Consider a set of vehicle stations $ℐ≔\left\{1,\dots ,I\right\}$ in space. For each vehicle station $i\in ℐ$, there is a BSS. These stations can also be the ODs of vehicles. Consider a set of batteries with varying SOC $\mathcal{Q}≔\{1,\dots Q$} that a shared BSS can provide. Let $q\in \mathcal{Q}$ denote the battery SOC. For each station, the number of battery types can be different. Consider a set of the vehicle trip characteristic index $\mathcal{U}≔\left\{1,\dots ,U\right\}$ which has a series of various travel demands (i.e., origin station $i_u^{+}$, destination station $i_u^{-}$, and the initial state of the battery charge $q_u^0$). Let $x_{ujq}$ denote whether vehicle $i$ heads to station $j$ and replaces the depleted battery with a well-charged battery in the state of $q\in \mathcal{Q}$.

To fully understand the operation process of an SSCS, Figure 2 shows an example with shared BSS stations $ℐ=\left\{1,\dots ,5\right\}$ and three types of battery SOCs $q=\left\{1,2,3\right\}$. In this figure, on each link between two stations, the segment of a different number represents the travel distance between the stations. The different combinations of colors for the stations represent the battery types they provide.

Figure 2. Example network with different battery mode supplies in the SSC station.

In the SSCS, the entire operation process can be divided into three steps, as shown in Figure 3. The vehicle side allows the EV to make online reservations in advance and then follow the instructions from the IPC. The IPC side requires all the vehicles and BSSs to follow centralized guidance, and the BSS side follows the optimal battery replacement and charging strategies. All these system components operate smoothly under the proposed SSCS model.

Figure 3. Operation process in the SSCS. Abbreviation: IPC—information processing center.
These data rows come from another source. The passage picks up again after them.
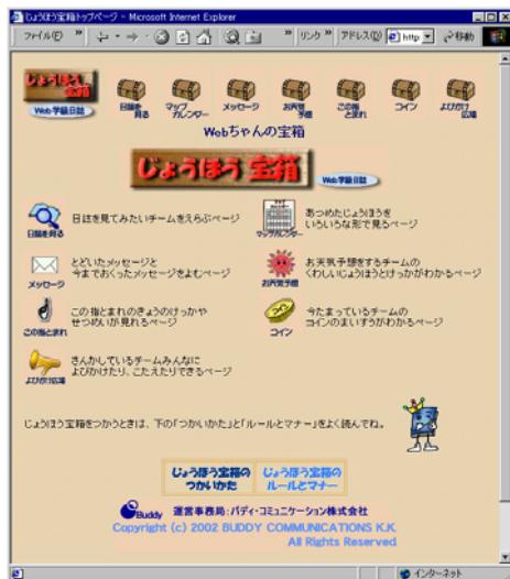
図5 「じょうほう宝箱」のトップページ

「Web 学級日記」には、登録した学校同士お互いに自分たちの日記を見せ合い、それを基にメッセージを送ったりしながら交流ができる「じょうほう宝箱」というインターネットを利用した仕組みがある。今年度はその仕組みを利用して、情報モラルを考え、学習するプロジェクトを始めている。
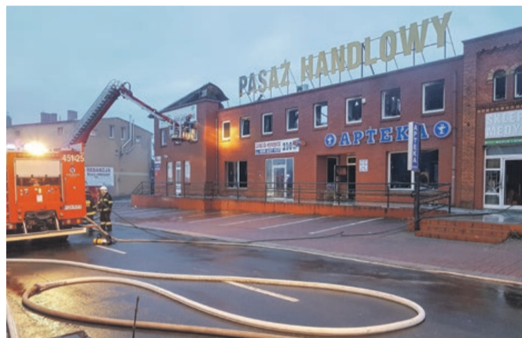
Sylwesterowy wieczór. Cały świat szykował się do hucznej zabawy, a w tym czasie strażacy dogaszali resztki ognia
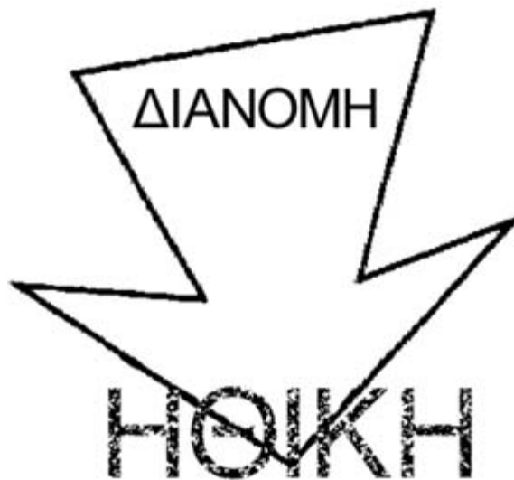
Σχήμα 2. Ηθική - Επανεπένδυση - Κοινωνική Σφαίρα- Περιβάλλον

Τα φυσικά αποθέματα θα μειωθούν και θα γίνεται όλο και ακριβότερη η απόκτησή τους. Αυτό θα σημαίνει υψηλότερες απαιτήσεις σε ενέργεια, δηλαδή η χρήση τους θα προκαλεί μεγαλύτερη ρύπανση του περιβάλλοντος. Μείωση των πηγών πρώτων υλών θα προκαλέσει αντίστοιχη μείωση στην παραγωγή βιομηχανικών προϊόντων και τροφίμων. Είναι μέρος της ανθρώπινης φύσης η επιθυμία για καλύτερες συνθήκες διαβίωσης και υψηλότερη ποιότητα τροφής. Αν οι σημερινές τάσεις δεν αλλάξουν, αργά ή γρήγορα ο πολιτισμός μας θα παρακμάσει. Η ένδεια, το ακάθαρτο περιβάλλον, η μειωμένη αντίσταση στις μολύνσεις και παρόμοιες επιπτώσεις θα συνεισφέρουν. Η ανθρώπινη επιθετικότητα, ο εγωισμός, η ανευθυνότητα και η δύναμη είναι εχθροί μας. Θα μπορέσουμε να σπάσουμε αυτόν το φαύλο κύκλο μόνο αν σταματήσουμε τις τάσεις αυτές. Πρέπει να αλλάξουμε τον τρόπο σκέψης και συμπεριφοράς μας (Σχήμα 2).

In previous studies [29,41,42,43], the battery charging rate is a concave function that satisfies formula $f\left(q\right)>0,f^{\prime }\left(q\right)<0$. The charging time function can be approximately formulated as a piecewise function $f\left(q\right)=\{\begin{array}{c}{k}_{1}q+b_1,0<q\le q_1\\ k_{2}q+b_2,q_1<q\le q_2\\ \dots \\ k_{m}q+b_m,q_{m-1}<q\le q_m\end{array}$. In Figure 4, we plot the varying SOC ($q$), the battery charging rate ($\frac{dt}{dq}$), and the cumulative time functions of the SOCs of the batteries.
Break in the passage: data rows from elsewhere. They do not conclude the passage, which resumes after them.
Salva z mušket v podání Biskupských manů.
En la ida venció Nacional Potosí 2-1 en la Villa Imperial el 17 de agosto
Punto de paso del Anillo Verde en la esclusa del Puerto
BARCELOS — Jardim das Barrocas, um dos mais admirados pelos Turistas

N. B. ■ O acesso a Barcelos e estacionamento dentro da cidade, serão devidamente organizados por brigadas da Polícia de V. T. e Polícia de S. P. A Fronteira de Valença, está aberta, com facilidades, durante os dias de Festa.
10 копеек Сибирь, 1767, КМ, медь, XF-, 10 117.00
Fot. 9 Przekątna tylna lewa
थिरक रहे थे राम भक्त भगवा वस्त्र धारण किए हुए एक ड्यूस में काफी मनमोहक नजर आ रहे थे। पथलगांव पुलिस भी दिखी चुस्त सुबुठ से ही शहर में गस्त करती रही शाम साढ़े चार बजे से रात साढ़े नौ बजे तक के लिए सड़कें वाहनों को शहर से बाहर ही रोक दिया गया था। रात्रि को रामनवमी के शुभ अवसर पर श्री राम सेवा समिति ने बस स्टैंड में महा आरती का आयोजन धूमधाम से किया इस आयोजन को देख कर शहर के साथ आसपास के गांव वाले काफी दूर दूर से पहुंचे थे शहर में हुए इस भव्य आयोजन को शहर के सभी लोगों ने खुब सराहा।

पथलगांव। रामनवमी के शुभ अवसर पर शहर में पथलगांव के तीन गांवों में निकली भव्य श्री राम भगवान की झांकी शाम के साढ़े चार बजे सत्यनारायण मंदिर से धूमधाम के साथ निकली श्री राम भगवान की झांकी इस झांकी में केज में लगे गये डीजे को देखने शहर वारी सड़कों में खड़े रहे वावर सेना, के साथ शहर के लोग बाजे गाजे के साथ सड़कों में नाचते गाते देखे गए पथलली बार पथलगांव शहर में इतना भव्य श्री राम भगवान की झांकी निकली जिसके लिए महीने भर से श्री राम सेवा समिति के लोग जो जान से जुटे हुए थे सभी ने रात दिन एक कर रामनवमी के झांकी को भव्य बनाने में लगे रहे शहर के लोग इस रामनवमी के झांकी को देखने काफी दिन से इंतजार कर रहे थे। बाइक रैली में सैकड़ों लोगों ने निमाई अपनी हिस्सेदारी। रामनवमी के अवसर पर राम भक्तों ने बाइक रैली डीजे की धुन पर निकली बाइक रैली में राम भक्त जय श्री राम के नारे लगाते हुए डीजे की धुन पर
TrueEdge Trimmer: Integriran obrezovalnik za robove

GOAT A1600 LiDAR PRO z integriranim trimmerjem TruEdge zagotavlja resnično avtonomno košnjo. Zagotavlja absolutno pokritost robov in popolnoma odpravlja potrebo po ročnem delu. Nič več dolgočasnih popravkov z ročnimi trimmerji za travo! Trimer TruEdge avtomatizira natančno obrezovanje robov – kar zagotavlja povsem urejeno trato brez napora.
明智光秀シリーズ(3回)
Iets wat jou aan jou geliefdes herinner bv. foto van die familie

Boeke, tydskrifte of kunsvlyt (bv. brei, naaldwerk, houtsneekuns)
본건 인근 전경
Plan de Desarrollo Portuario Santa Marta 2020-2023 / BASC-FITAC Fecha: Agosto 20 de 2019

Figure 4. Performances of charging times with current battery power levels: (a) curve of the varying SOC ($q$) and the battery charging rate ($dt/dq$ ); (b) cumulative time curve of the SOCs of batteries.

To facilitate the model formulation, we introduce the following assumptions in the investigated problem. These assumptions have been used in other studies on operational design for the SC battery system.

Assumption 1.

The battery power consumption of EVs is proportional to the driving distance [37,44]. It is hard to relax this assumption when a battery consumed along a stretch of road is not dependent on the distance; then, the problem becomes an NP-hard problem and appears to be mathematically intractable [14,45,46].

Assumption 2.

All vehicles in our system share the same battery capacity size. In the previous study, many researchers have already focused on optimizing the battery size to reach a better system income [47].

Assumption 3.

All vehicles in this system reserve swap batteries online and follow the instructions. This assumption will not be strict in the future because of the connected and autonomous vehicle atmosphere and because it has already been applied in previous studies [27].

3. Model Formulation

This section provides a model formulation of the investigated problems. Section 3.1 proposes a model to describe the above-defined SSCS problem. Section 3.2 puts forward the physical constraints that make this model applicable in real-world cases. Finally, Section 3.3 compares this proposed system with the benchmark system.

3.1. Objective Function

The objective function formulated in Equation (1) aims to minimize the SSCS system operational costs, which includes three components: the travel cost of the detour in the swapping battery process ($F_1$), the total battery cost in the battery recharging process ($F_2$), and the residual value of electricity power in moving EVs ($F_3$).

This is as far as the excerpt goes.